The Pa is misused here and there is no such thing as magpakailan - it's magpakailanman. Thus, the correct way of saying this is:

Mahal na Mahal kita magpakailanman ikaw lang.
I love you very much, only you forever.


----------



## cloud00005

ask me if u have anymore questions about tagalog!!


----------



## poul

Thanks for all your help


----------



## jackau

Is therea site where on can constust sentences from English to tagalog?? Much appreciate if an one can help me


----------



## jackau

Hi there Im new to this site. can any one please tell me.

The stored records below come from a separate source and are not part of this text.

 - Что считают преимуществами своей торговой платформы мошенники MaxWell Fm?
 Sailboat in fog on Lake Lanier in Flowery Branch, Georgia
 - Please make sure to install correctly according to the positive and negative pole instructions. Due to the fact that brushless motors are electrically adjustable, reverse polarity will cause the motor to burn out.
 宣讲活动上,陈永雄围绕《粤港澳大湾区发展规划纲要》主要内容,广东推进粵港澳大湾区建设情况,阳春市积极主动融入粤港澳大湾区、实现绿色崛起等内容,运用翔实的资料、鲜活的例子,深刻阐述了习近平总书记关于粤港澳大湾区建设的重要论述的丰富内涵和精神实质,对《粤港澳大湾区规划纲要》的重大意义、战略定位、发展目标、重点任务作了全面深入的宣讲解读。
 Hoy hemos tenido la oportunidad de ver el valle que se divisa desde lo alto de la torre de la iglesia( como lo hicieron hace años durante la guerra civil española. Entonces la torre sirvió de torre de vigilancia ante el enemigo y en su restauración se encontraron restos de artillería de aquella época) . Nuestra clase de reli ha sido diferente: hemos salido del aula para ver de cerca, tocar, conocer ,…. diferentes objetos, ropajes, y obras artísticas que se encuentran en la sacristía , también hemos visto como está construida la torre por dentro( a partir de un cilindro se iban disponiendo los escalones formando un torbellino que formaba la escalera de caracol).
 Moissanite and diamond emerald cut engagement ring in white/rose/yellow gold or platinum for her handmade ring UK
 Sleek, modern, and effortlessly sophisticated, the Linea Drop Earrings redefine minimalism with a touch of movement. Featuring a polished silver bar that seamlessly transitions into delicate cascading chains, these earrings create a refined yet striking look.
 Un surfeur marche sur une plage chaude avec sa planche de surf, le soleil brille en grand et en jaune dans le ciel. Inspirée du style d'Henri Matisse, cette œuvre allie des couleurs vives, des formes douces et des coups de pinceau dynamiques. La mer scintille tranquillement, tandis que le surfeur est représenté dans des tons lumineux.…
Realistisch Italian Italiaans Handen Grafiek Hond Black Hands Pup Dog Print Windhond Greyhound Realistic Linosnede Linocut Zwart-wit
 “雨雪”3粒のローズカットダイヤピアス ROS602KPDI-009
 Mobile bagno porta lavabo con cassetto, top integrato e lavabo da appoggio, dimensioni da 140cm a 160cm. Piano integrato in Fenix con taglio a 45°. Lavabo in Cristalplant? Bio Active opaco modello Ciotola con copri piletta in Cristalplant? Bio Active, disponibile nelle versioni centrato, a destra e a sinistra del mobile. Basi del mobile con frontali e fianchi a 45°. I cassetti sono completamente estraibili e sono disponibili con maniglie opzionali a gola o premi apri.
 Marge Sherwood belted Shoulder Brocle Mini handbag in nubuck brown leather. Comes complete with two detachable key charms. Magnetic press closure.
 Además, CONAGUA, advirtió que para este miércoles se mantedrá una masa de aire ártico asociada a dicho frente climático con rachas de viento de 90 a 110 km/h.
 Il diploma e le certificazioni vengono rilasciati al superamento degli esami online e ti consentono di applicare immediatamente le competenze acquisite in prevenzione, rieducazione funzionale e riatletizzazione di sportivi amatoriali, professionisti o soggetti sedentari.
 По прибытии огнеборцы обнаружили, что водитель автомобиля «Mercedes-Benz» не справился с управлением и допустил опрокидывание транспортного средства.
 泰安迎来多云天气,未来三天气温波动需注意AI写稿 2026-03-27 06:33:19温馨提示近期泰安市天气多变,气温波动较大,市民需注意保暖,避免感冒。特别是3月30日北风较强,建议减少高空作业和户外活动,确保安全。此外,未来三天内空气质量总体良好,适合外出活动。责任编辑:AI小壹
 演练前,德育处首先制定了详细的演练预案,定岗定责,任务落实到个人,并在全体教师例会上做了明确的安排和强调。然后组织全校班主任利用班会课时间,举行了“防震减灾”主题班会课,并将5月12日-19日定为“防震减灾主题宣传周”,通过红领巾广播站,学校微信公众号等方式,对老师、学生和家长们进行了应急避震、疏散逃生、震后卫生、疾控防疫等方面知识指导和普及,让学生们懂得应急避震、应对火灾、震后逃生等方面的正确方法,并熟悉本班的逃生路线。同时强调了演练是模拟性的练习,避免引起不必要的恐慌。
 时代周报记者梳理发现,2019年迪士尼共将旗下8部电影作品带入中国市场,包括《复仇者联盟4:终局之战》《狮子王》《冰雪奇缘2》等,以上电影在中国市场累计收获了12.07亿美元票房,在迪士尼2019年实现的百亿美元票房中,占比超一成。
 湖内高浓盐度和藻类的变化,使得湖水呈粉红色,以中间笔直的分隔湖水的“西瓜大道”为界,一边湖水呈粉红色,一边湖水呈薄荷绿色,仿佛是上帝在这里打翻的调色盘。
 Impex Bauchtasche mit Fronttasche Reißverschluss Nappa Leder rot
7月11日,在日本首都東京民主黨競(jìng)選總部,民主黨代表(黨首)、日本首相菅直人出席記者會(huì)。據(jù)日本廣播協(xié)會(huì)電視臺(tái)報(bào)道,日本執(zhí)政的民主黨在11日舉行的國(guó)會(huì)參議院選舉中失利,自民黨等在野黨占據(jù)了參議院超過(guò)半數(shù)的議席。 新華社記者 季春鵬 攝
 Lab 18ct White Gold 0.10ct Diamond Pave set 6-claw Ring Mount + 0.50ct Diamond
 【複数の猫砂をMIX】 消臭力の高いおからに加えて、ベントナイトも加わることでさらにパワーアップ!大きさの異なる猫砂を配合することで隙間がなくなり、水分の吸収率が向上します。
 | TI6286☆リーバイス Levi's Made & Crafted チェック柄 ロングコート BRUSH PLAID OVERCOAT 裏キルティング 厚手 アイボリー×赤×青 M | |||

If there is a site where one can learn some more wording in either tgalog or cebuon ( I think tht how one spell it lol)...Much appreciated in advance.


----------



## murano4929

Hi, i just received this sms from my filippino fren; can some1 help me to translate  the msg below.  Tks so much

d ako yun tmawag and txt. pinilit lang nya ako na hwalayan ka at papatayin daw nya ako. Wag ka na magreply. Tawagan kta nxt wk if malaman nya bububugn nya ako


----------